Even before I took my brownies out of the damn oven, they told me I was hired and I could start the next day. It took Pinkie all of a second to attach herself to my back and tell me how much fun we were going to have as baking buddies.

That was almost a full three years ago. Since then, I've earned enough bits (Equestrian currency) to buy myself a nice little home. Nothing special, a little place with a bedroom, bathroom, kitchen, living room, dining room, and a spare room if I ever decide I want to get passed myself being a prick. No t.v, or computer, just my ipod I happened to have finished charging and placed in my pocket before 8-bit Pinkie came by. (Still trying to put two and two together. She says she has no clue what I'm talking about, but her ravages to the fourth wall beg to differ).

And that's where I am, now. Sitting in my armchair, looking out my bay-window, listening to ACDC like a champ.

Normal end to a not-so normal life. Ponies are weird, man.

Pinkie POV

He hugged me... He NEVER hugs me.

But Pinkie, you've hugged him thousands of times. You've even given him a wake-up hug. Remember that weird thing poking you under his sheets?

But he got mad at me for that!
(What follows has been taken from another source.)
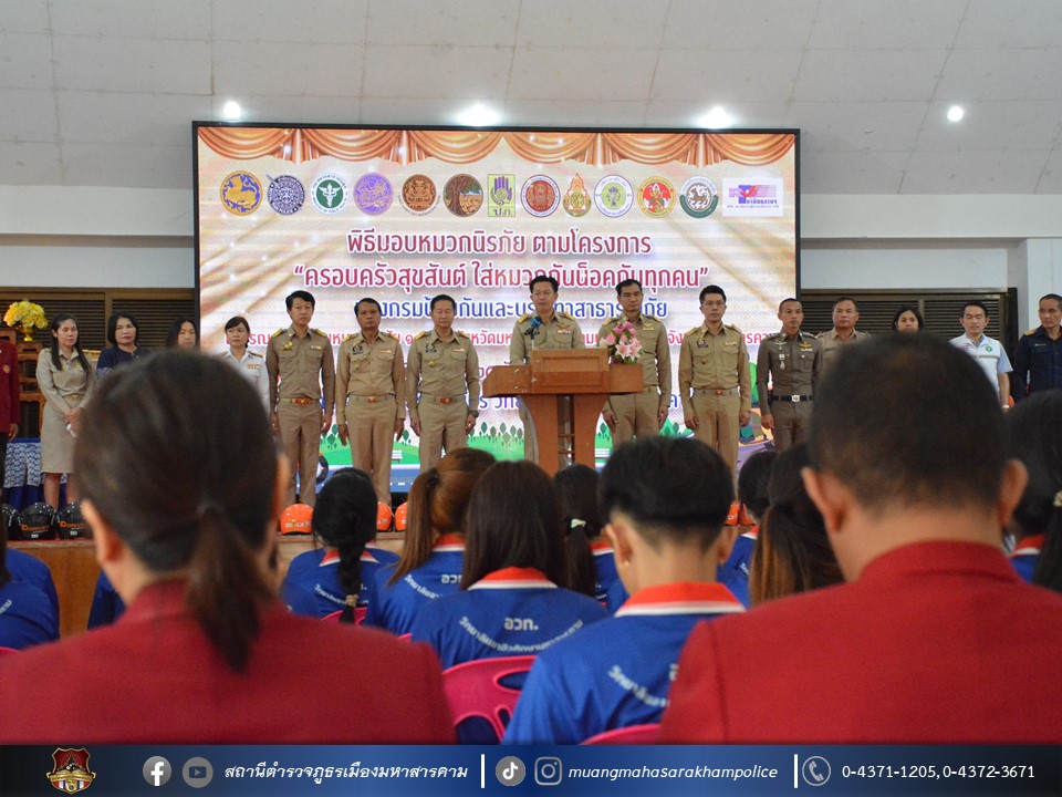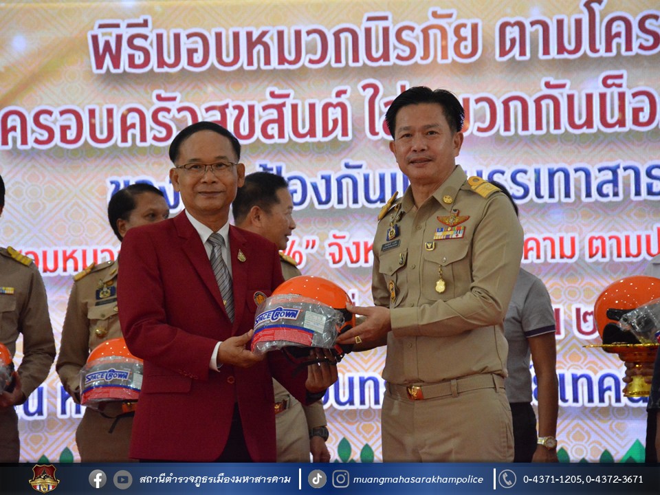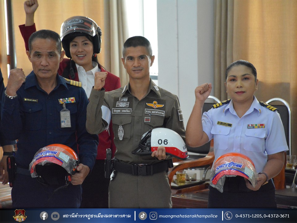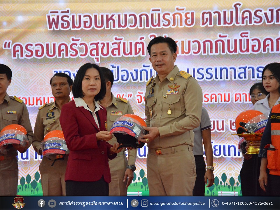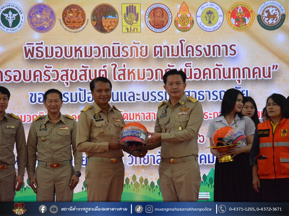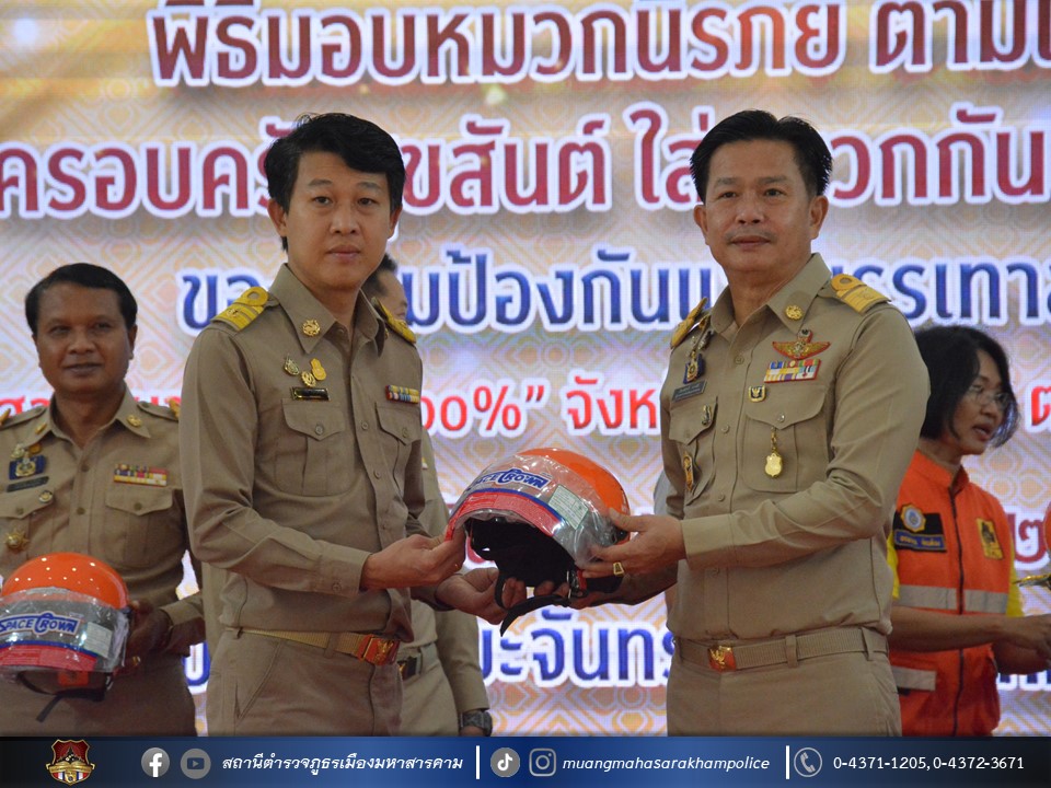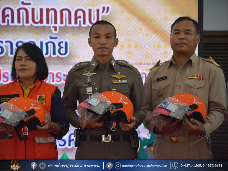 ร่วมพิธีมอบหมวกนิรภัย ตามโครงการ “ครอบครัวสุขสันต์ ใส่หมวกกันน็อคกันทุกคน” ของกรมป้องกันและบรรเทาสาธารณภัยจังหวัดมหาสารคาม และรณรงค์ “สวมหมวกนิรภัย 100 %” ตามประกาศวาระจังหวัดมหาสารคาม พร้อมปล่อยขบวนจักรยานยนต์รณรงค์สวมหมวกนิรภัย 100% ณ หอประชุมสุริยะจันทร์ วิทยาลัยเทคนิคมหาสารคาม โดยมี นายเกียรติศักดิ์ ตรงศิริ ผู้ว่าราชการจังหวัดมหาสารคาม เป็นประธาน

Although you're right... I've hugged him so many times it's stupid to not be used to it.

Then why is our heart beating so fast?

*SMACK*

Huffing and throwing a coconut cream pie (HER FAVORITE) at figurative Pinkie, she cannon-balled into her bed where Gummy was to comfort her.

Attaching his toothless jaws to her poofy mane in his affectionate manner, she broke the silence between them.

"Why is my heart going all poundy pound, Gummy? I don't like it anymore..."

The gator blinked a few times in response.

"You really think that, Gummy?" Unhooking his jaws from her hair, he licked her face and flopped onto the bed. "I... But Gummy, he doesn't like ponies that way. Applejack already tried that, and remember his face and the long lines of, "Nopenopenopenopenopenopenopenopenope" that followed?"

Gummy blinked his left eye and Pinkie gave a sad sigh before curling up with him in her embrace.

"You're the bestester pet ever, Gummy."


Author's Note

BAM. Got bored and felt sad so I decided to write a happy fic. Don't worry, the happiness IS coming.